Wednesday, June 19, 2024

Gisborne scientist takes woody debris expertise to world stage

Principal Scientist at Gisborne District Council, Dr Murry Cave, is set to share his groundbreaking research on the impacts of Cyclone Gabrielle and the role of Large Woody Debris (LWD) in Tairāwhiti at the 5th International Wood in World Rivers Conference in Gaspe, Quebec.

Dr Cave’s (pictured) work first gained international attention after a presentation at the New Zealand Rivers Conference in late 2023.

Professor Ian Rutherford from the University of Melbourne was in the audience and says he was particularly struck by the significance of LWD during cyclones Hale and Gabrielle – including the loss and damage to bridges, community impact, and the tragic death of a young boy on Waikanae Beach after Cyclone Hale.
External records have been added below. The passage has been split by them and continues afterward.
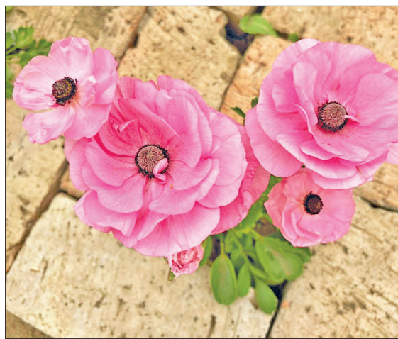
📷 Цветочные клумбы – главное украшение двора

перцы, огурдыня, многолетние цветы и «паданки» – и ни одного сорняка!
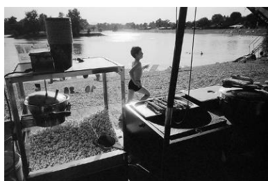
1. klasična sačekuša

Za one koji se možda snebivaju nad mojim nešto "žešćim" riječnikom u ovoj bilješci, stvar je vrlo jednostavna. Pišem o ulici a ulica, baš kao i ulična fotografija, nije akademski obrazovana niti trpi mimoze, naročito ne mimoze od fotografa jer na ulici se svaki pravi pravcati uličar susreće sa puno toga; sa tugom, srećom, smijehom, veseljem, ludilom, grubošću, svakojakim ljudskim sranjima, katkada i konfliktima, opačinama pa i smrću... ili da skratim, sa životom. A ulična fotografija je upravo to. Esencija života u jednoj jedinoj slici koja će svakog pravog pravcatog uličara natjerati da mu srce brže zakuca i da sudjeluje u njemu.
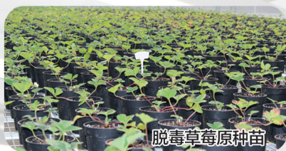
脱毒草莓原原种苗
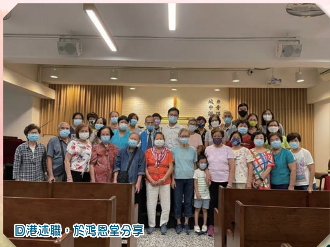
回港述職，於鴻恩堂分享

在疫情下，過去的新春聚會、迎新活動、中秋聚會、聖誕聚會，這種種以節日情懷，配合家鄉美食的活動，都無法舉行了。當一種以教會為中心，以吸引人「來」的宣教策略，因著疫情而無計可施的時候，我們更要著重「去」關懷人的宣教策略。我們在主日學中進行「關懷佈道訓練」，教導弟兄姊妹如何「去」有效佈道，要「去」到更多地方，開展更多新的查經班。

“Professor Rutherford felt this story needed to be told to an international audience and I was invited to present two papers at the conference,” says Dr Cave.

The first will delve into the impact of LWD on Tairāwhiti, while the second outlines a novel methodology for determining the relative contribution of various woody types to LWD in NZ.

Dr Cave says he developed the methodology after Cyclone Cook in 2017, which left a trail of woody debris from the forests to the sea, particularly in Ūawa and Tolaga Bay Beach.

In addition to the conference, Dr Cave plans to visit the British Columbia Ministry of Forestry and the Forest Protection Agency and look at a forest land debris flow predictor tool developed by a major British Columbia geotechnical engineering consultancy on his way to Quebec.

“There is a lot we can learn from the British Columbia experience. In particular, the parallels between Canada’s First Nations role in forestry and the role of Whenua Maori in Tairāwhiti,” he says.

The 5th International Wood in World Rivers Conference will take place from June 10 – 14.

Dr Cave hopes his research can contribute significantly to the global understanding of LWD dynamics and its implications for river ecosystems.